The lack of pressure was important too. If I was going to wear this jumper when I’d need it, then I had 10 months to get it finished, now I’m not a fast knitter, so even I thought 10 months was probably long enough. Of course it has turned out that I might not have it finished in 10 months, but that’s more because I’ve found so many other things to knit for people, and a Norwegian jumper for myself. Yes, another instance of not being told something was hard to do before trying it. I saw the Torino 2006 jumper on the Dale site and decided that that was the jumper for me for next winter. So I ordered the yarn, all 30 balls of it, and set to work. I currently have the first arm finished and will get to the other parts over the coming months. Again no pressure, and don’t ask how hard something is meant to be before you start knitting it. Even if it had turned out that I was hopeless are colour knitting (and I’m by no means an expert at it  now – it’s slow, but that’s fine) I would still have had 30 lovely balls of wool in beautiful solid colours for other projects.

To give yourself the freedom to give anything a go, there is one more secret – don’t set a schedule. Let the knitting take as long as it takes. The way I ensure this is not to tell anyone that you’re knitting something for them. I gave myself 4 months for my mother’s Christmas cardigan, and it will be finished in plenty of time for Christmas – but she still doesn’t know she’s getting it. I had thought of doing a pair of socks each for my two nieces for Christmas, but if I don’t get those done, I’ll give them some money for clothes and they’ll get the socks for their birthdays later in the year. If you knit without a deadline, you can pick the knitting up and put it down when you feel like it, not because you have to.

So find that project you like the look of, but you’re not sure you can handle, and just cast on. Don’t do it as a specific occasion gift, do it for yourself, or just give it to whomever when you finish as a nice surprise. Talk to people and get help when you need it, but don’t let them tell you to try something simpler, it you want it, go for it. If it doesn’t work out, you’ll turn it back into stash yarn and it will end up in another project – no loss there – but more likely you’ll surprise yourself with just what you can do. But it won’t happen until you just cast on.


  1. I am working through the wonderful backlog of S & S podcasts–and this one really helped me. I was bogged down with learning socks on my own–and your essay gave me a good kick in the pants. Thanks!
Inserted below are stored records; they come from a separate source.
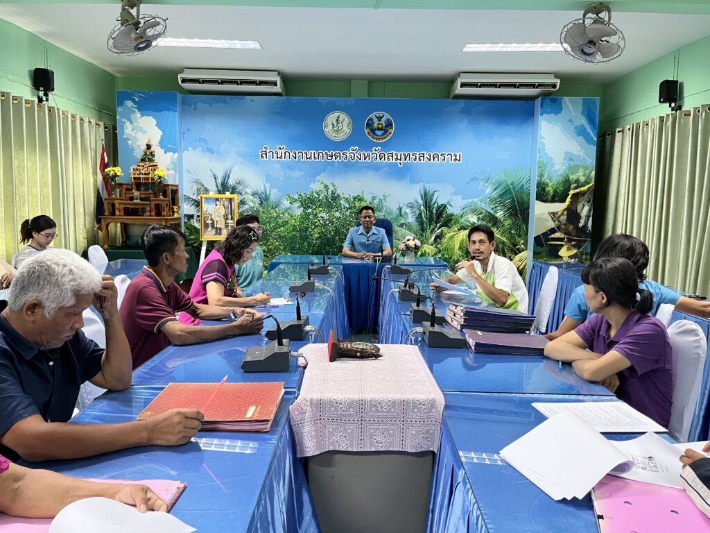 วันที่ 17 ตุลาคม 2568 นายประสิทธิ์ สิงห์ชา เกษตรจังหวัดสมุทรสงคราม พร้อมด้วยเกษตรอำเภอ เจ้าหน้าที่กลุ่มส่งเสริมและพัฒนาเกษตรกร และเจ้าหน้าที่สำนักงานเกษตรอำเภอ ร่วมดำเนินการจัดทำสัญญายืมพัสดุตามโครงการและงบประมาณเงินกู้เพื่อแก้ไขปัญหา เยียวยา และฟื้นฟูเศรษฐกิจและสังคมที่ได้รับผลกระทบจากการระบาดของโรคติดเชื้อไวรัสโคโรนา 2019 ประจำปีงบประมาณ พ.ศ. 2564 แผนงานฟื้นฟูเศรษฐกิจและสังคมที่ได้รับผลกระทบจากการระบาดของโรคติดเชื้อไวรัสโคโรนา 2019 โครงการส่งเสริมฟื้นฟูการผลิตน้ำตาลมะพร้าวแท้ เพื่อพัฒนาเป็นแหล่งท่องเที่ยวเชิงเกษตร กิจกรรม อบรมเกษตรกรหลักสูตรการผลิตน้ำตาลมะพร้าวแท้ในรูปแบบก้อน ผงและไซรัป ประจำปีงบประมาณ พ.ศ. 2569 กับกลุ่มวิสาหกิจชุมชนที่เข้าร่วมโครงการ จำนวน 20 กลุ่ม ณ ห้องประชุมสำนักงานเกษตรจังหวัดสมุทรสงคราม
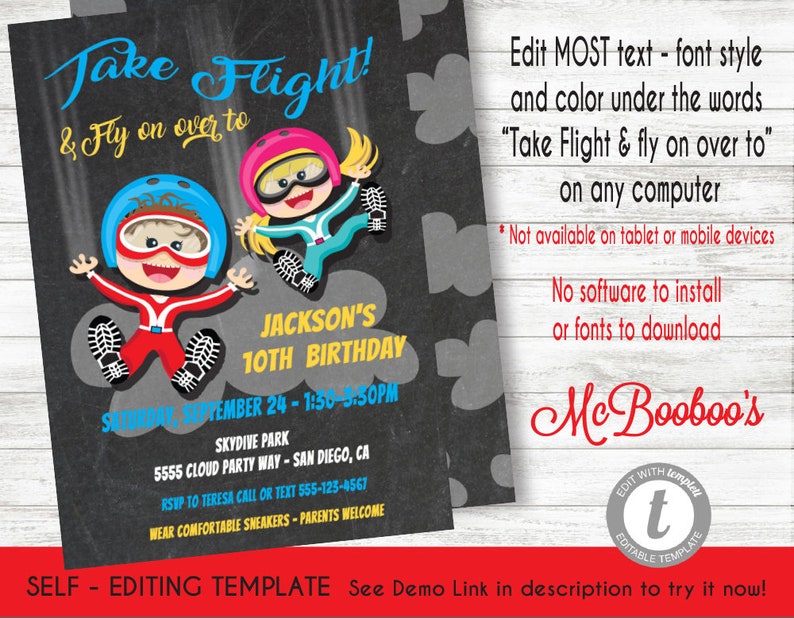 They can be customized to be specific to your birthday party with relevant dates locations and names. Click here to browse the available invitations and edit it online with drevio canvas. Print your templates onto some heavy cardstock personalize it and pop em in an envelope. Editable birthday invitations are designed with all types of birthday parties in mind.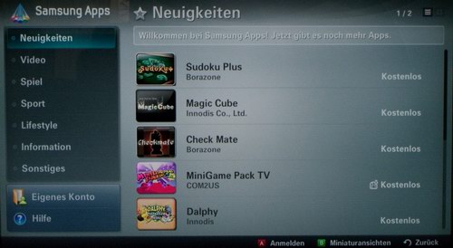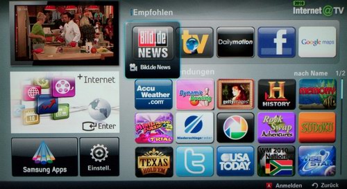 Über das Internet via Kabel oder den optional erhältlichen W-LAN Stick kann man auf eine Vielzahl sogenannter „Samsung Apps“ zugreifen. Wer ein Samsung Handy besitzt, kennt diese Applikationsmöglichkeiten bereits. Es sind sowohl Videodienste à la Youtube als auch Nachrichten, Wetter, Sport sowie eine große Auswahl an Spielen verfügbar. Diese Apps können frei installiert werden, sodass eine Personalisierung sehr einfach möglich ist.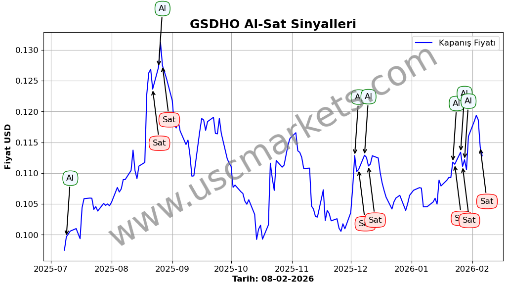 GSDHO hisse fiyatı son bir ayda dolar cinsinden %7.62 değer kazanarak , 08-01-2026 tarihinde 0.105 Dolardan 0.113 Dolara yükseldi.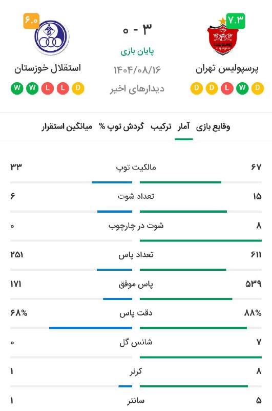 آمار فوق‌العاده از بازی امروز پرسپولیس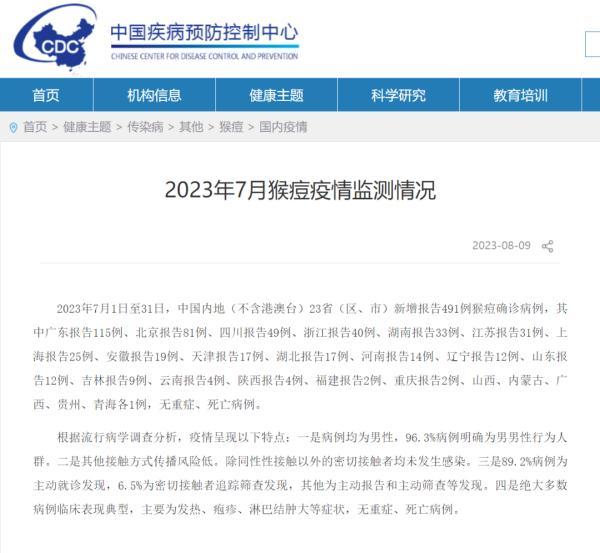 8月9日,中国疾病预防控制中心网站发布《2023年7月猴痘疫情监测情况》:2023年7月1日至31日,中国内地(不含港澳台)23省(区、市)新增报告491例猴痘确诊病例,其中广东报告115例、北京报告81例、四川报告49例、浙江报告40例、湖南报告33例、江苏报告31例、上海报告25例、安徽报告19例、天津报告17例、湖北报告17例、河南报告14例、辽宁报告12例、山东报告12例、吉林报告9例、云南报告4例、陕西报告4例、福建报告2例、重庆报告2例、山西、内蒙古、广西、贵州、青海各1例,无重症、死亡病例。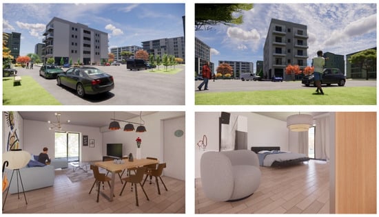 The use of Revit® software for architectural modeling allowed for the identification of inconsistencies and design errors through clash analysis of the model itself. The identification of clashes proved particularly important, as it enabled the resolution of errors during the architectural modeling phase, before sharing the file with other disciplines. Starting from the same BIM model, it is possible to create photorealistic views and, with the aid of specific plug-ins and headsets, visualize the model in Virtual Reality (VR) mode. The model elements already contain all the graphical information related to materials, which are transferred to rendering software to generate photorealistic views. Information transfer tests were conducted, obtaining photorealistic views using the Enscape® v.3.3 plug-in (Figure 18). Through Enscape®, it was possible to integrate the building’s BIM model with furniture and vegetation elements, creating realistic external and internal environments of the completed work.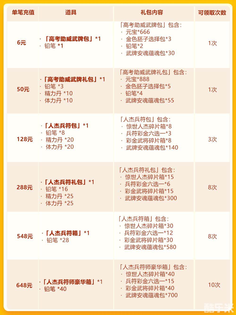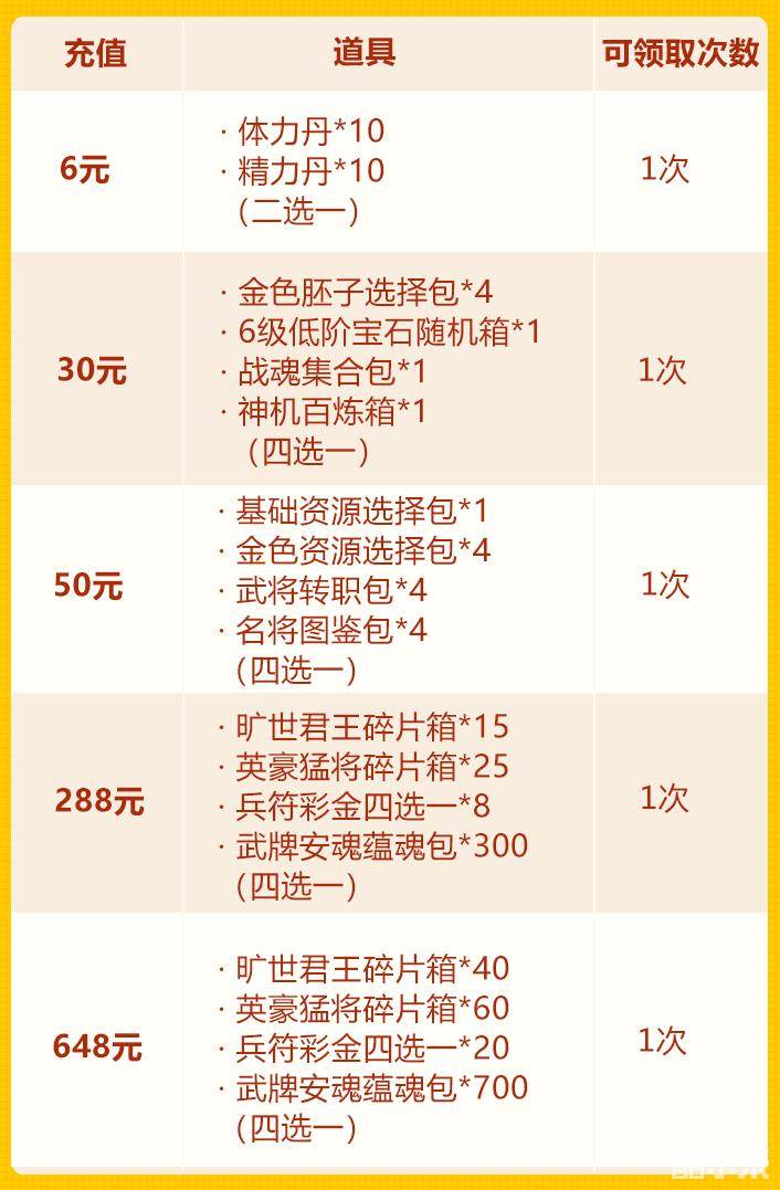 在活动期间少年们单笔充值至指定金额,即可获得惊世人杰碎片箱、兵符彩金六选一、彩金武将碎片箱、武牌安魂蕴魂包、铅笔等资源: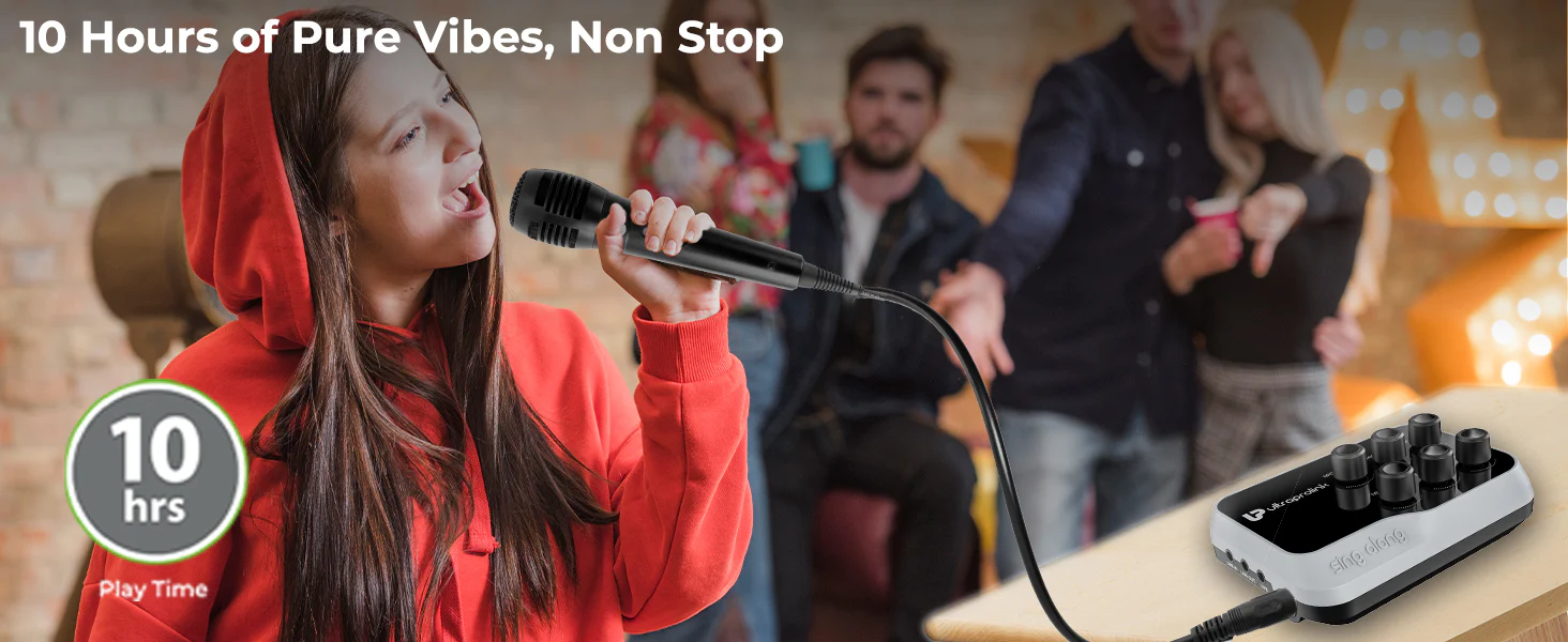 Sing-Along connects easily to iPhones, Android phones, Laptops, PCs & tablets. It works well with all popular operating systems like iOs, Windows & Mac OS. Enjoy up to 10 hours of playtime with the built-in rechargeable battery. Recharge the mixer in 4 hours via the Type C port using the USB-C cable provided in the box.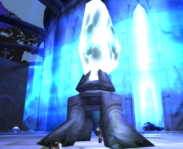 이렇게 계단을 따라 2층으로 올라가면 두번째 수정을 볼 수 있다. 첫번째 보았던 수정과 마찬가지로 정령들이 지키고 있으며 정령들을 다 처치하면 이 수정을 멈출 수 있다. 흑마법사가 있다면 "추방"을 사용하여 전사의 부담을 덜어 주어도 좋다.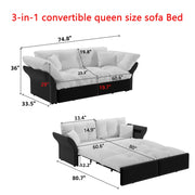 - 3-in-1 Convertible Sleeper Sofa Bed: Pull out the bed frame under the seat. There are two length options available. It can be freely converted into a lounge chair or a queen size bed as needed.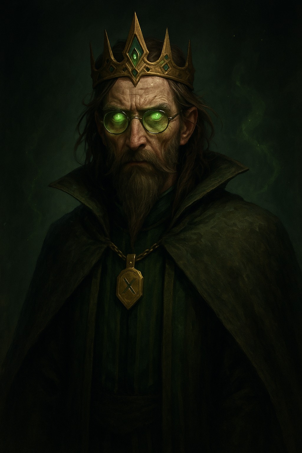 Epic dark orchestral instrumental evoking tragic divinity, Deep choirs, organ, accordion and powerful strings lead the melody, Heavy drums echo like ritual heartbeats, The atmosphere feels sacred yet doomed—music of a fallen king once worshiped and now cursed, Blend sorrow, grandeur, and lingering holiness, as if his legacy haunts the ruins that still bear his crown, atmospheric, cinematic, male vocals, dark choir chorus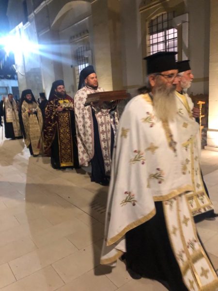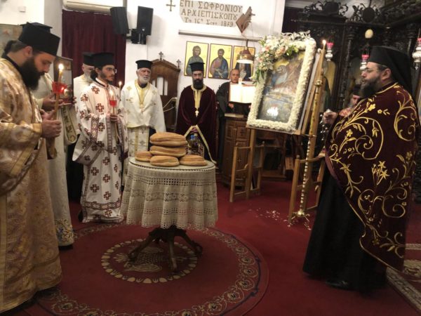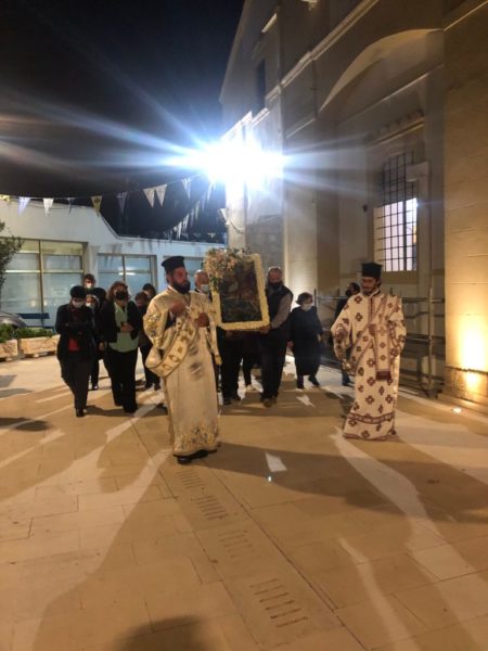 Μετά το πέρας του Εσπερινού, ακολούθησε η λιτάνευση της Ιεράς Εικόνος και των ιερών λειψάνων πέριξ του Ιερού Ναού.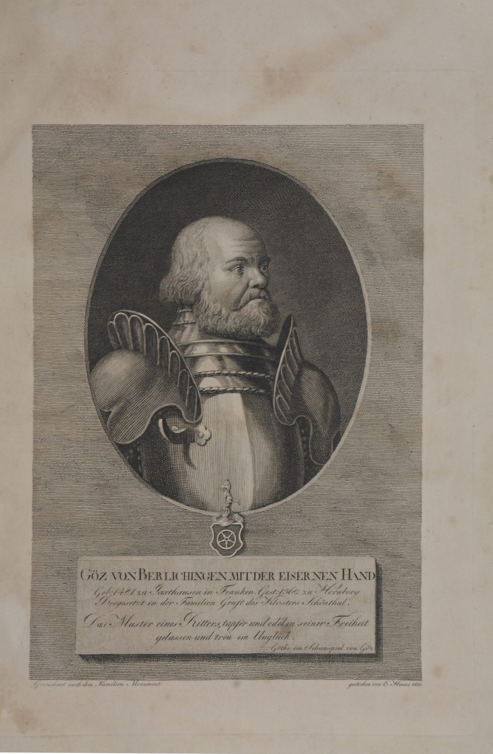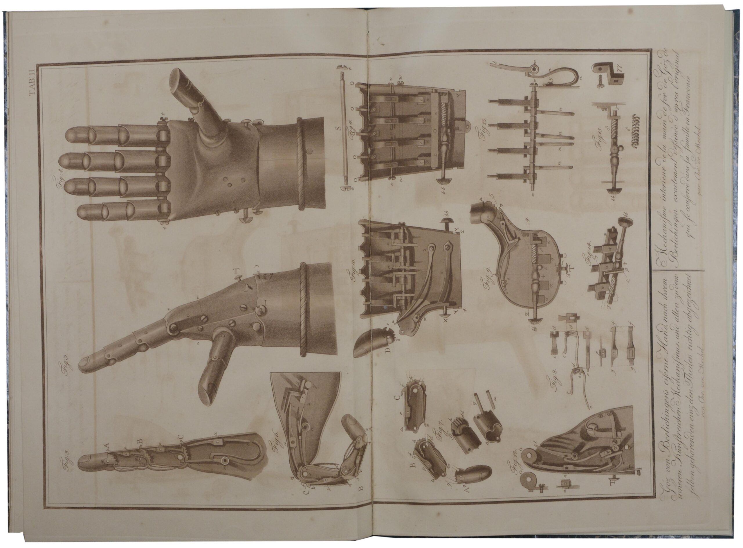 Erste Ausgabe. – Slg. Kippenberg 1636; Lipperheide Ra12. – Der Text beschreibt die Mechanik der berühmten Prothese, die zu ihrer Zeit keineswegs eine neue Erfindung darstellte, jedoch aufgrund der Geschichte ihres Trägers, die berühmteste ihrer Art ist. Es handelt sich hierbei um die zweite komplexere Mechanik. Eine erste, wesentlich grobere Hand war nach den eigenen Entwürfen des Ritters gefertigt worden. Des weiteren eine Lebensgeschichte des Ritters, sowie zwei Seiten mit Zitaten und Versen aus der deutschen Literatur, die sich auf die eiserne Hand beziehen. – Die beiden großen Aquatintatafeln in Sepia, gestochen von Christian Mechel, zeigen die Hand in ihrer natürlichen Größe, sowie detailliert die Technik derselben. – Mit einem gestochenen Porträt, nach dem Familienmonument von E.Henne und einer Ansicht von Burg Jagsthausen von und nach Carl G. Brühl. – Etwas stockfleckig und gebräunt, Im Bug teils angerändert bzw. verstärkt, Ex-Libris (Rudolf Korn) auf Innendeckel.

    Comment by Bev from Chicago | 6 July 2008

  2. In 2005, I returned to my home town, Minneapolis, after an absence of 35+ years. I first learned to knit in 1970 after beginning a new career as a secretary in Denver. The learning process for knitting then was very different. Away from Mpls roots and in a new environment, I just grabbed knitting books, needles, yarn, and other goodies knitters collect to create a new hobby. I didn’t have a car, television, or computer to guide and motivate me in this new endeavor. Through patience, determination, and practice, I fell in love with it. I eventually graduated to making slippers (loved ’em), a cabled sweater, scarves, etc. As my life slipped quietly into the fast lane, knitting desires unraveled.

    Now retired, I’ve returned to the joy of this activity once again. So far, I’m keeping my needles down to at least four, and try new yarns for a few new projects at a time, such as scarves and dishcloths. I use each project to guide me into new skills for each creation. However, the temptation to buy out a yarn shop is sooo grand, especially when I see such a variety out there.

    I’m grateful for all the internet instructions, blogs, and endless ideas on such a global level. It boggles my mind on how the world has evolved with the explosion of internet communication. I’m learning to pace myself on my knitting time so I don’t get “burned out” with so many things I want to make. I’ve also joined a group of knitters who meet once a week just for our knitting pleasures to chat and help each other with knitting problems, etc., and laugh along the way.

    I tell myself, “Welcome back, Diane. It’s good to be home again.”

    PS. This is my first ever in submitting a comment on the internet. You obviously hit a note as I read your essay. Thanks.